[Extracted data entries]
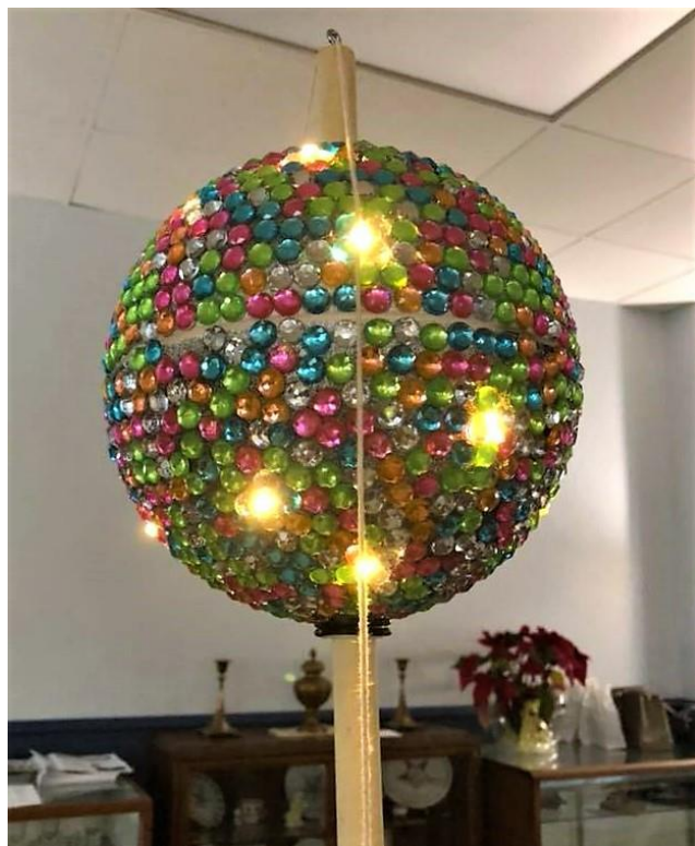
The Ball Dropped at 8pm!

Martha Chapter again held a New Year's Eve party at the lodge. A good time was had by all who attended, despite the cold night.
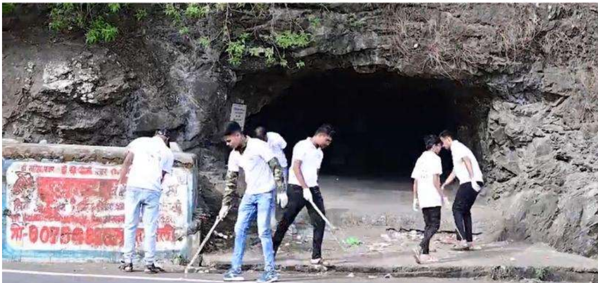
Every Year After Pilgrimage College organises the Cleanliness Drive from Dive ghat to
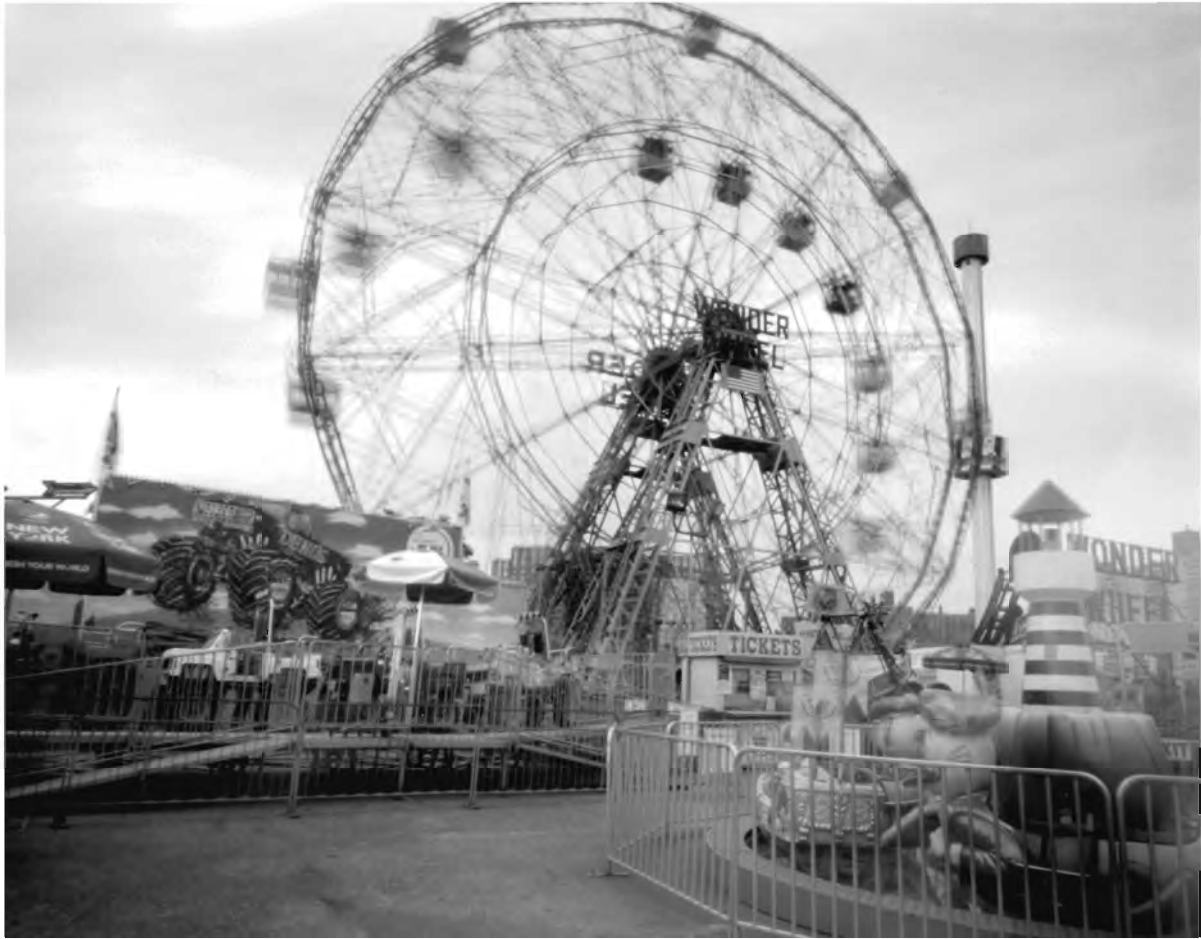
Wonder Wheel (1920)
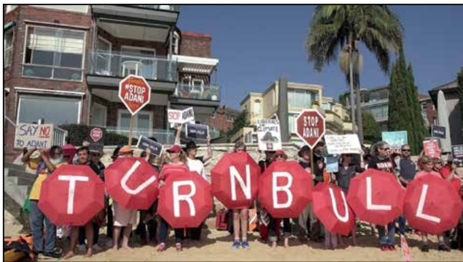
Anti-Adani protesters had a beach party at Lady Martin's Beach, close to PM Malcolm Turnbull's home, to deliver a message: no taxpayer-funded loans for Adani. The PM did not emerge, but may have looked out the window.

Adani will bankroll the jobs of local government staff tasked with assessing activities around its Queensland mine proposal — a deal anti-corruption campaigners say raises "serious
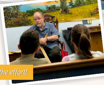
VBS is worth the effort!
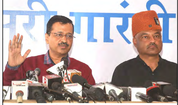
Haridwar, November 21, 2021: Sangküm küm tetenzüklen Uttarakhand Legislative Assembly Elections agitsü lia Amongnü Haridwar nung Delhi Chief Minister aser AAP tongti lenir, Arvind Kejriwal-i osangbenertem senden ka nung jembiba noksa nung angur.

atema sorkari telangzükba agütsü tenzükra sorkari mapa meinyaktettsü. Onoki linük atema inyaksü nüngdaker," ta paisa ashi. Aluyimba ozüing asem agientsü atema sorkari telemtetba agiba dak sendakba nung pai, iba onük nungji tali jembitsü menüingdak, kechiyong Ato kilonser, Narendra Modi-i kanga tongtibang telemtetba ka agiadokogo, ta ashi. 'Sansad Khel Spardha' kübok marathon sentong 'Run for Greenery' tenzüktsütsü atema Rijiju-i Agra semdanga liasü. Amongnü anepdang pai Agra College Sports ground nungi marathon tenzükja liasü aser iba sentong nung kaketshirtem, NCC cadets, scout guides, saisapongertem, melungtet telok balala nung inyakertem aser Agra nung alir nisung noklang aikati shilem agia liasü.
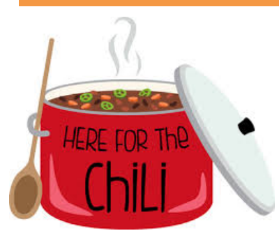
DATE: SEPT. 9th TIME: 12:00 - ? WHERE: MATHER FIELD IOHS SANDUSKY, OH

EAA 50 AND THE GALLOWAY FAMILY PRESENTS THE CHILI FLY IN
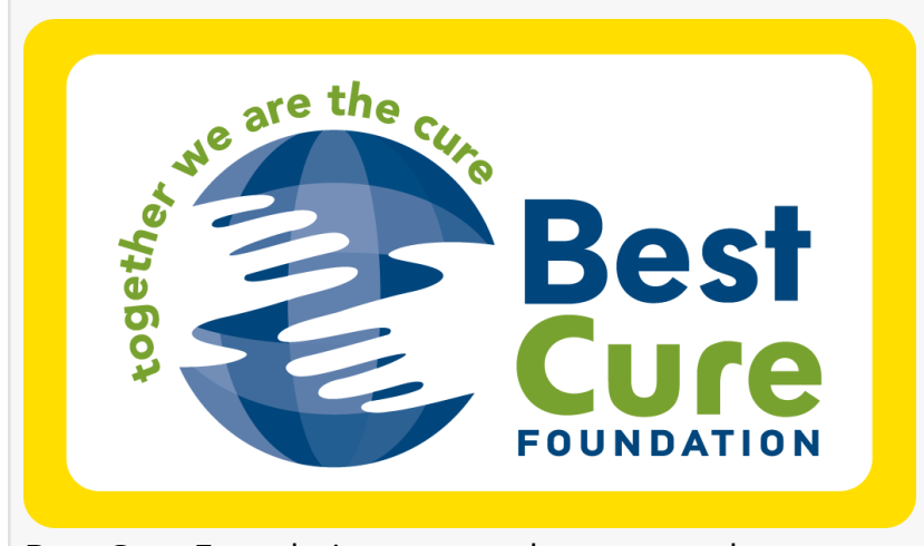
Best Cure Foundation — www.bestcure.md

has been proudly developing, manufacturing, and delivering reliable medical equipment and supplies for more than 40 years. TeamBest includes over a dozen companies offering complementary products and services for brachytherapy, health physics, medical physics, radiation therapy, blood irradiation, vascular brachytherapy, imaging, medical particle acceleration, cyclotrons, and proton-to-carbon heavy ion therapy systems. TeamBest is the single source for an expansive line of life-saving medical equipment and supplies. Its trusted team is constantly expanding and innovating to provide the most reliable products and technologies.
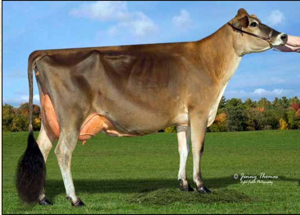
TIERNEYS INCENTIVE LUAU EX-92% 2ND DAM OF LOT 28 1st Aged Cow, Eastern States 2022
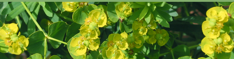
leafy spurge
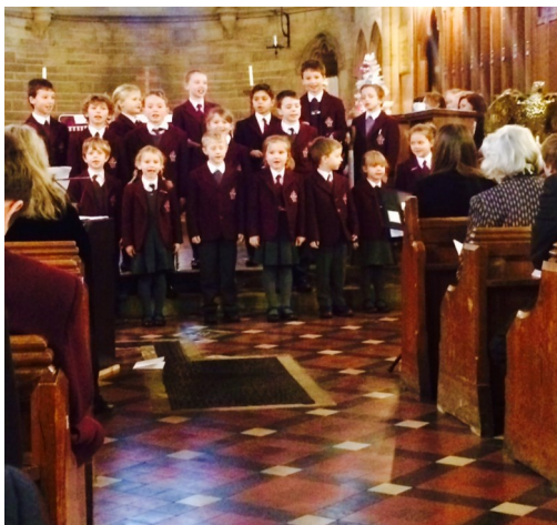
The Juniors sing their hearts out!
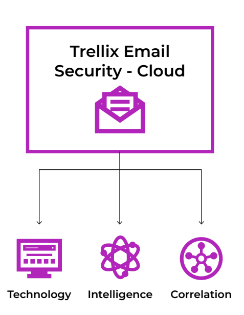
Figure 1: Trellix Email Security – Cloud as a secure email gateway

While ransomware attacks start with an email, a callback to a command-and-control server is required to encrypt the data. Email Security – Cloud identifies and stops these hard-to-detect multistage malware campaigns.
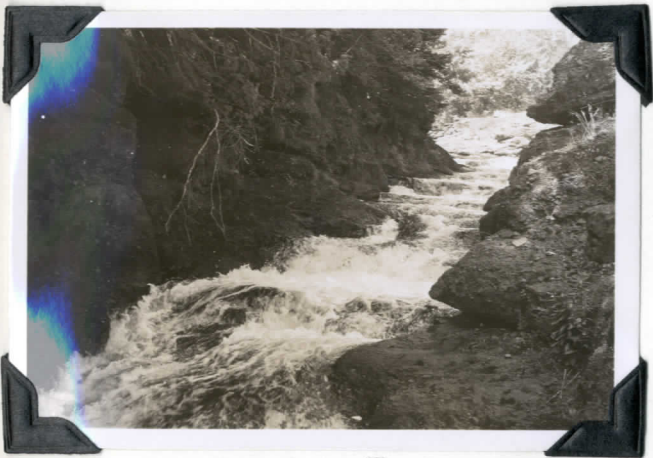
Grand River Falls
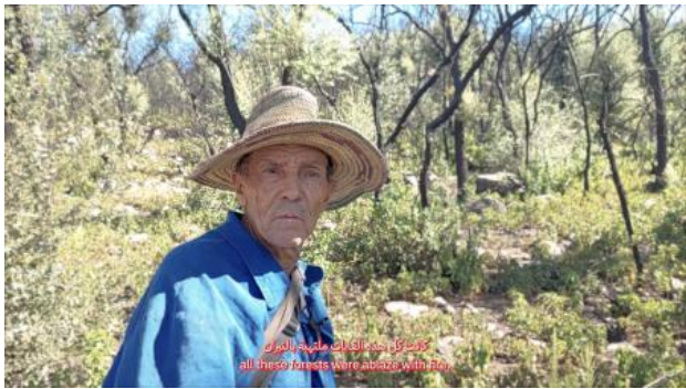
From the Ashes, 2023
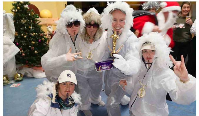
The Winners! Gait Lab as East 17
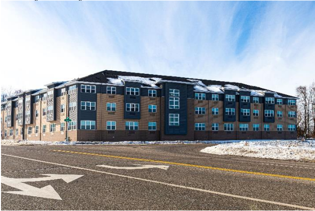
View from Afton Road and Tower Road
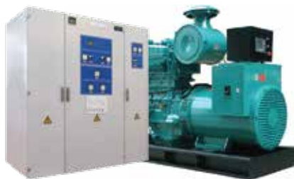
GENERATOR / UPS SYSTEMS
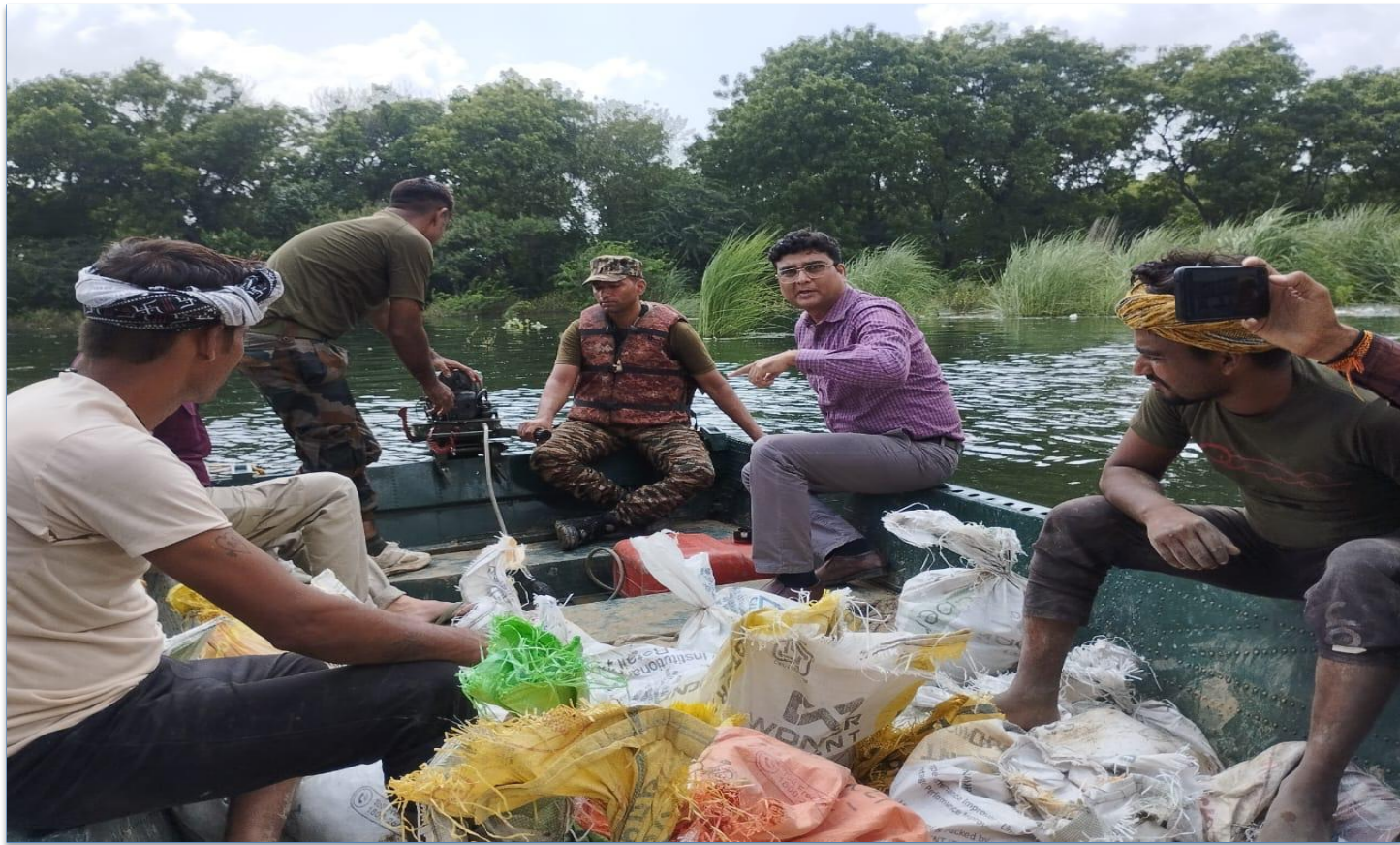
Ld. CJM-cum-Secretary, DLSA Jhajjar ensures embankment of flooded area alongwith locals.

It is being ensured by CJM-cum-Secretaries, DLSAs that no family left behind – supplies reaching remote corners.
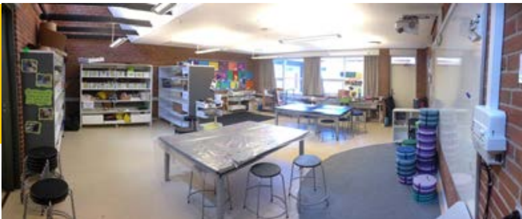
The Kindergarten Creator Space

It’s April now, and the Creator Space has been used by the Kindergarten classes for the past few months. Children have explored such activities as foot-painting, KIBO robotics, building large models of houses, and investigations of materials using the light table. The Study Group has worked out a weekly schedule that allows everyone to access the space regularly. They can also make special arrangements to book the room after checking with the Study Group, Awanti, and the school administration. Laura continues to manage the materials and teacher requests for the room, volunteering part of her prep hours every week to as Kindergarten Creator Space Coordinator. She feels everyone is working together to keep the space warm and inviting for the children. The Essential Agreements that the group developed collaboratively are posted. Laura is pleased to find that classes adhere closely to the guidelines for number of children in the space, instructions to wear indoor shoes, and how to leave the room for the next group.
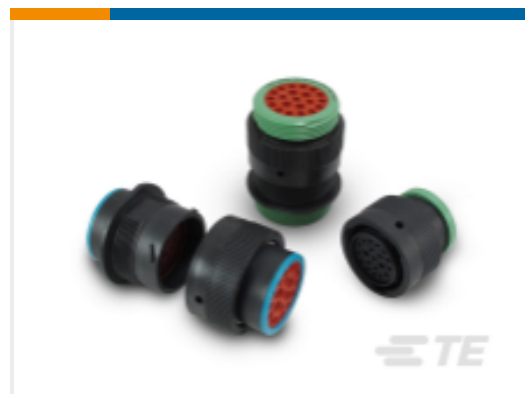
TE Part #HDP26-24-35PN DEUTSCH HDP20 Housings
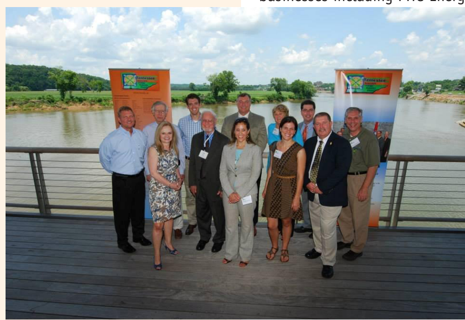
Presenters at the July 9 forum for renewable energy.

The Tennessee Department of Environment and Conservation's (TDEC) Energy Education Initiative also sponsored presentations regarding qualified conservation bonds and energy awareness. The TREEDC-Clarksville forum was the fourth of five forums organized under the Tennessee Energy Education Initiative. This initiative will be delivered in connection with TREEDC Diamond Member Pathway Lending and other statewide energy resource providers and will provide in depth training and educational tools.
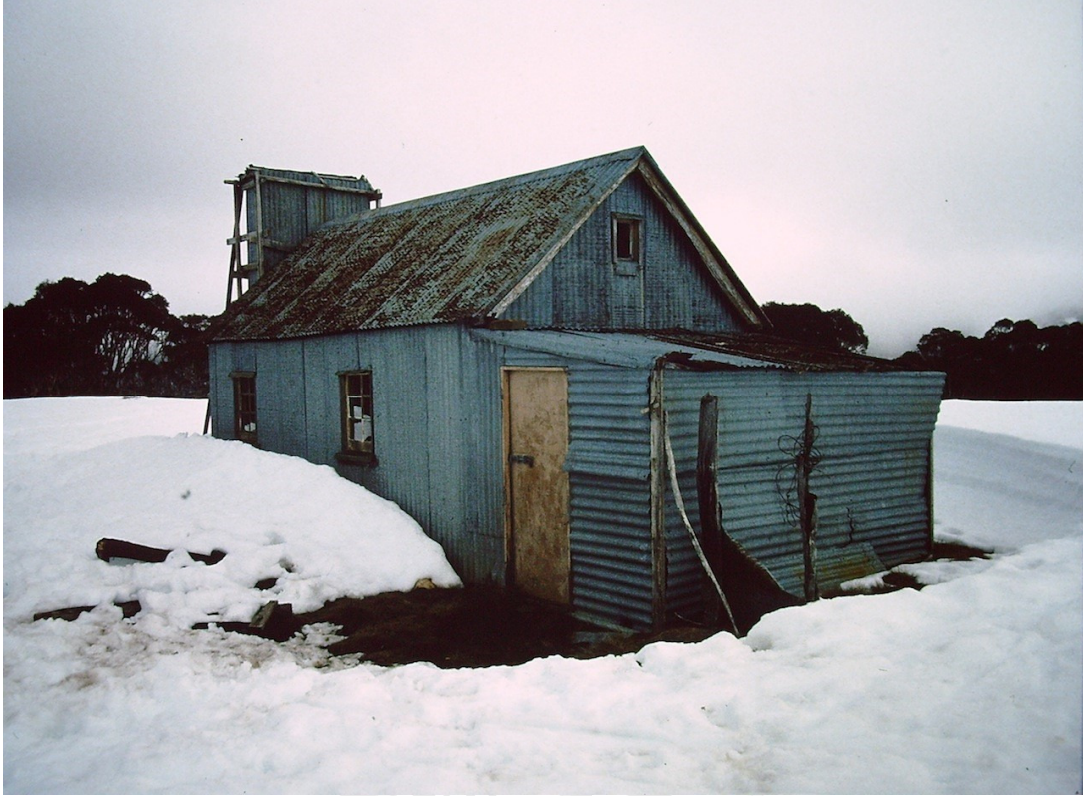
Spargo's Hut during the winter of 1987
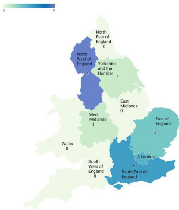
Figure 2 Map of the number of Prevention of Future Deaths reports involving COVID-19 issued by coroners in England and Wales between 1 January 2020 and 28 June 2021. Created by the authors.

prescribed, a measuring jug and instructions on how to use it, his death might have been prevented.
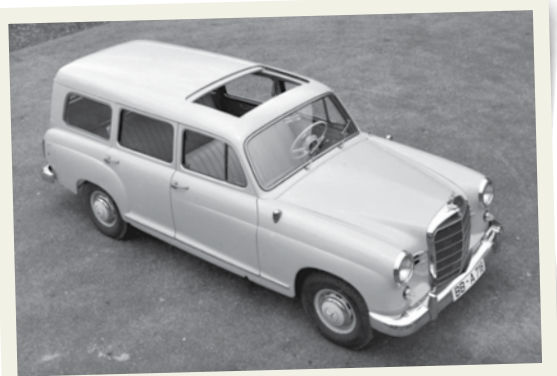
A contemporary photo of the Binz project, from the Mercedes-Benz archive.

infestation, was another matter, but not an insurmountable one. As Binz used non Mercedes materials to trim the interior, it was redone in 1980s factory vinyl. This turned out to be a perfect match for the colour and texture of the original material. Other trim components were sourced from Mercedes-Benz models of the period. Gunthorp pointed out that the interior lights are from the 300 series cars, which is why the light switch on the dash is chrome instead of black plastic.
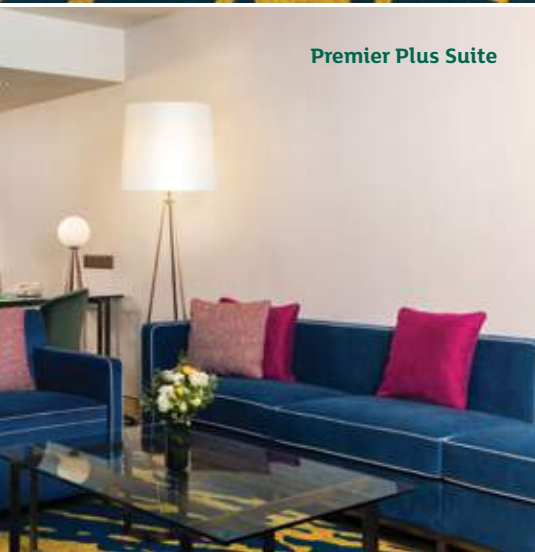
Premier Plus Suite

▶ [WORK ITEM]:
"Spargo's Hut during the winter of 1987" marks the first line to copy, and "A contemporary photo" marks the last. Repeat that stretch above exactly, with no pictures.

▶ [RESPONSE]:
Spargo's Hut during the winter of 1987
Figure 2 Map of the number of Prevention of Future Deaths reports involving COVID-19 issued by coroners in England and Wales between 1 January 2020 and 28 June 2021. Created by the authors.

prescribed, a measuring jug and instructions on how to use it, his death might have been prevented.
A contemporary photo of the Binz project, from the Mercedes-Benz archive.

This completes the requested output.